# [Description of the task]
Leave the pictures out and reproduce, exactly, the lines from the one with "Росписи входной стены" through the end of the entries below.

# [Data excerpts]
_ _ _

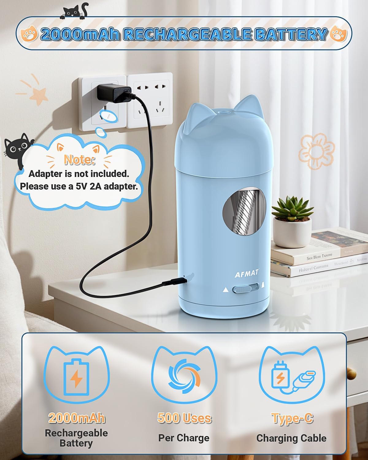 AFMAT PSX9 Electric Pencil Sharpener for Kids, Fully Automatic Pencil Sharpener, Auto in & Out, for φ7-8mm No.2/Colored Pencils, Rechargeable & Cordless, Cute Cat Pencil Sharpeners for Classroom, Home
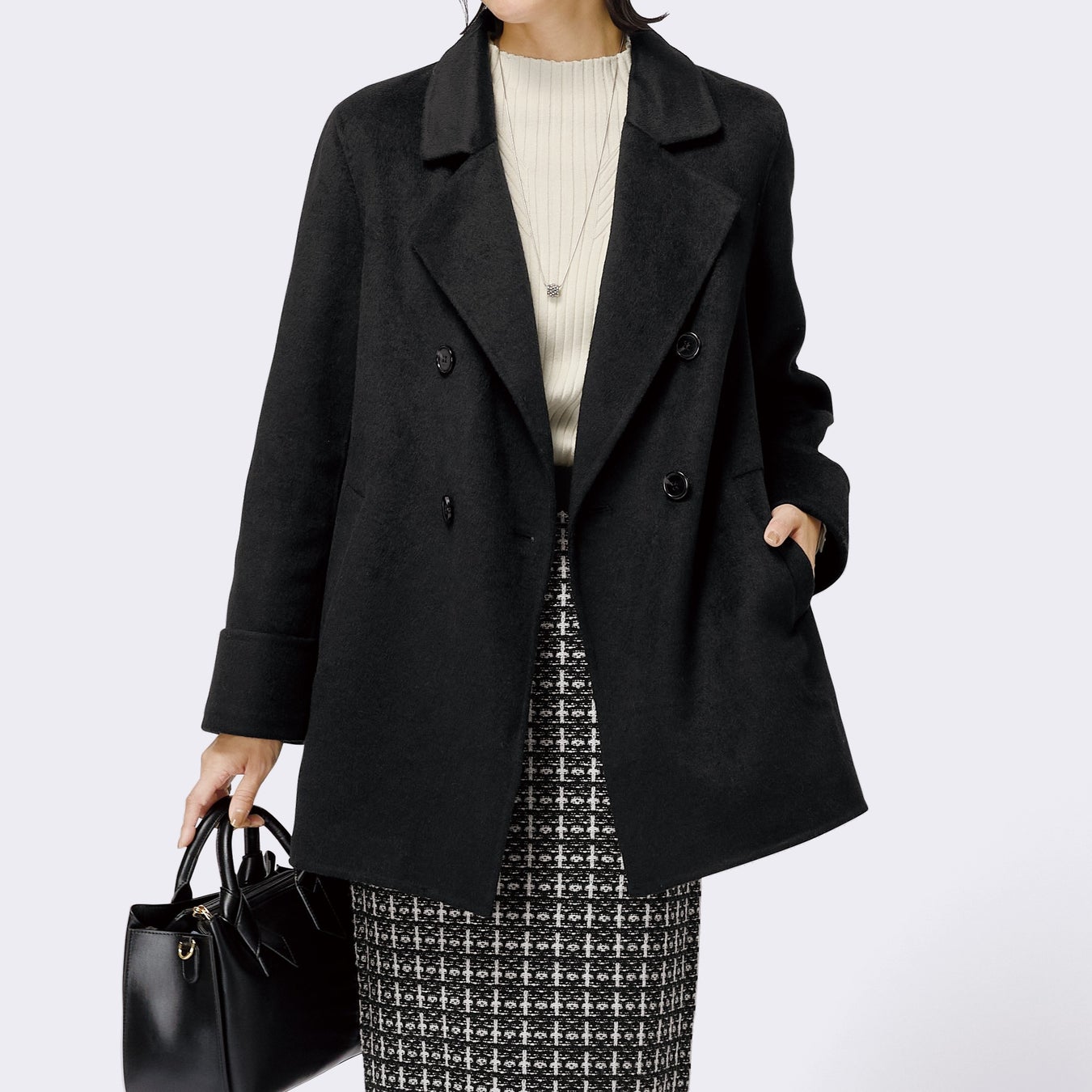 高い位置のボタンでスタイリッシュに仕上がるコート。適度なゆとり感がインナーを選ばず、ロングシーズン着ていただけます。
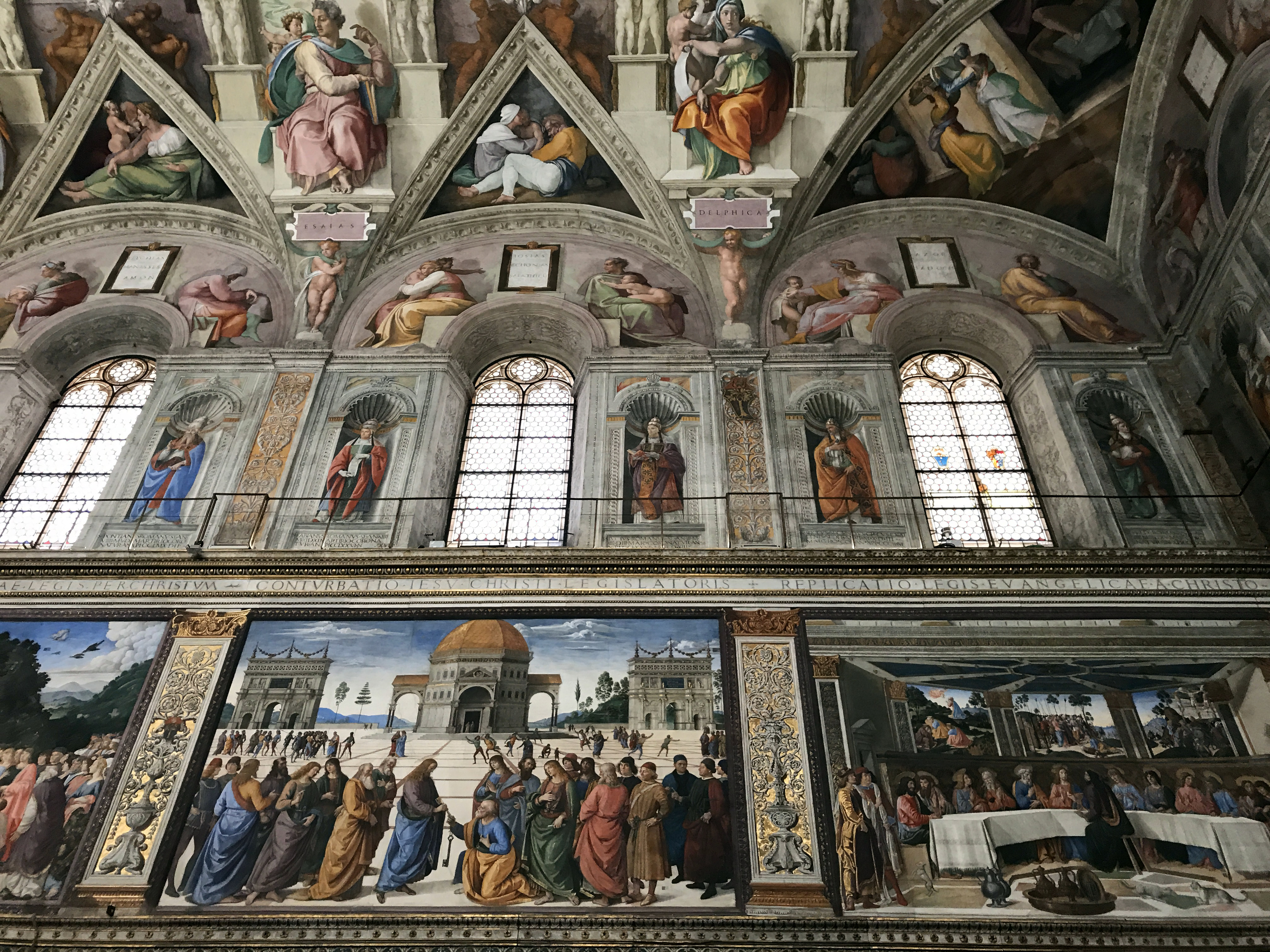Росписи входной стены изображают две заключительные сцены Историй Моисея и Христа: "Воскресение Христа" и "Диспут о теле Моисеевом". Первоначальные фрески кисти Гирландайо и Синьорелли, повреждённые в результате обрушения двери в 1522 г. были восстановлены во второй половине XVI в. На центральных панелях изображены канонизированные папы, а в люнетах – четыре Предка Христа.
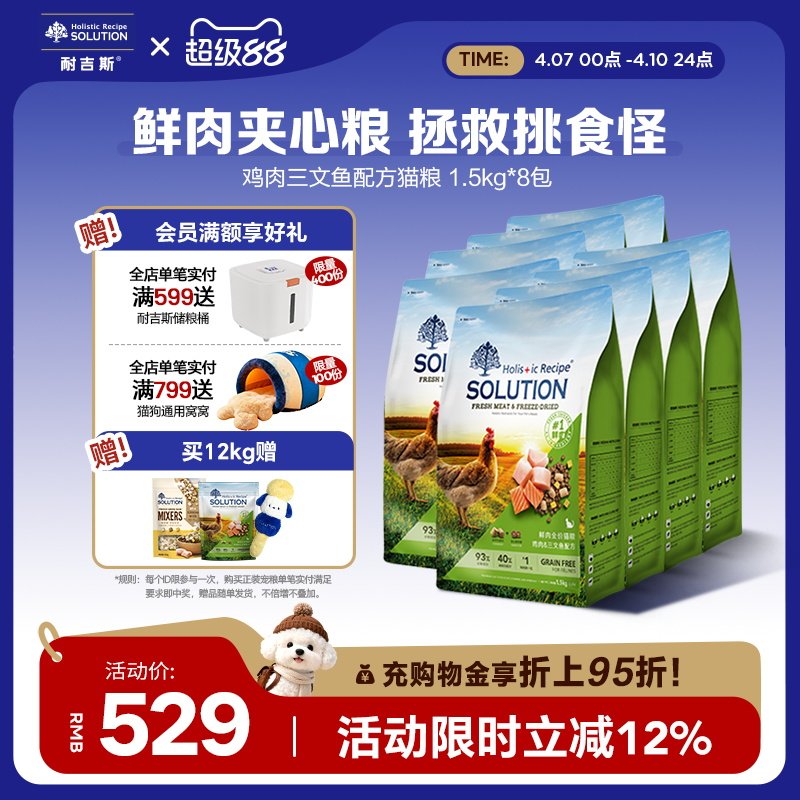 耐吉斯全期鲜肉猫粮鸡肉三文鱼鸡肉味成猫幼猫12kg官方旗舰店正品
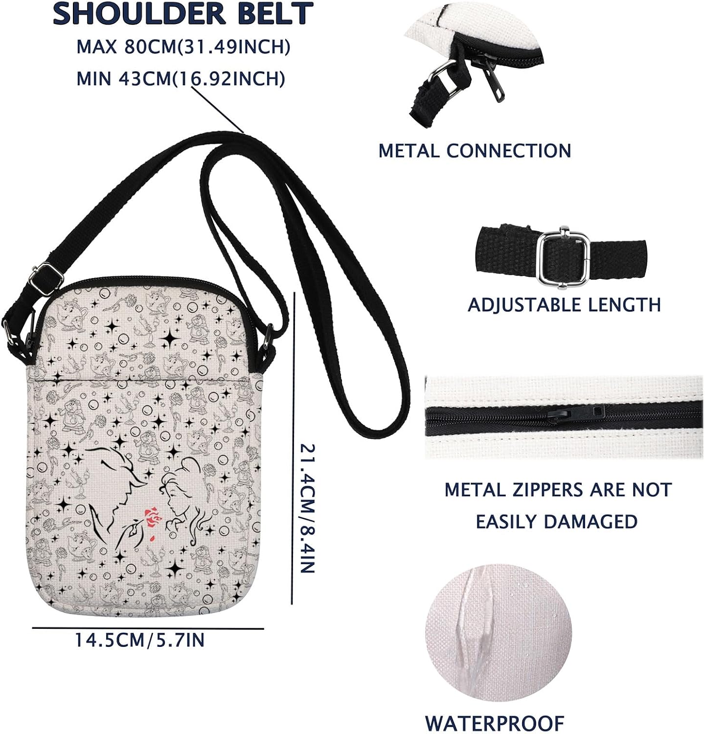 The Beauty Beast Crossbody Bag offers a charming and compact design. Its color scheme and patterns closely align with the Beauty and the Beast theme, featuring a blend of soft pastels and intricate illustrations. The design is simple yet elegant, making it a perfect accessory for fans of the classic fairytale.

_ _ _

# [Solution for this problem]
Росписи входной стены изображают две заключительные сцены Историй Моисея и Христа: "Воскресение Христа" и "Диспут о теле Моисеевом". Первоначальные фрески кисти Гирландайо и Синьорелли, повреждённые в результате обрушения двери в 1522 г. были восстановлены во второй половине XVI в. На центральных панелях изображены канонизированные папы, а в люнетах – четыре Предка Христа.
 耐吉斯全期鲜肉猫粮鸡肉三文鱼鸡肉味成猫幼猫12kg官方旗舰店正品
 The Beauty Beast Crossbody Bag offers a charming and compact design. Its color scheme and patterns closely align with the Beauty and the Beast theme, featuring a blend of soft pastels and intricate illustrations. The design is simple yet elegant, making it a perfect accessory for fans of the classic fairytale.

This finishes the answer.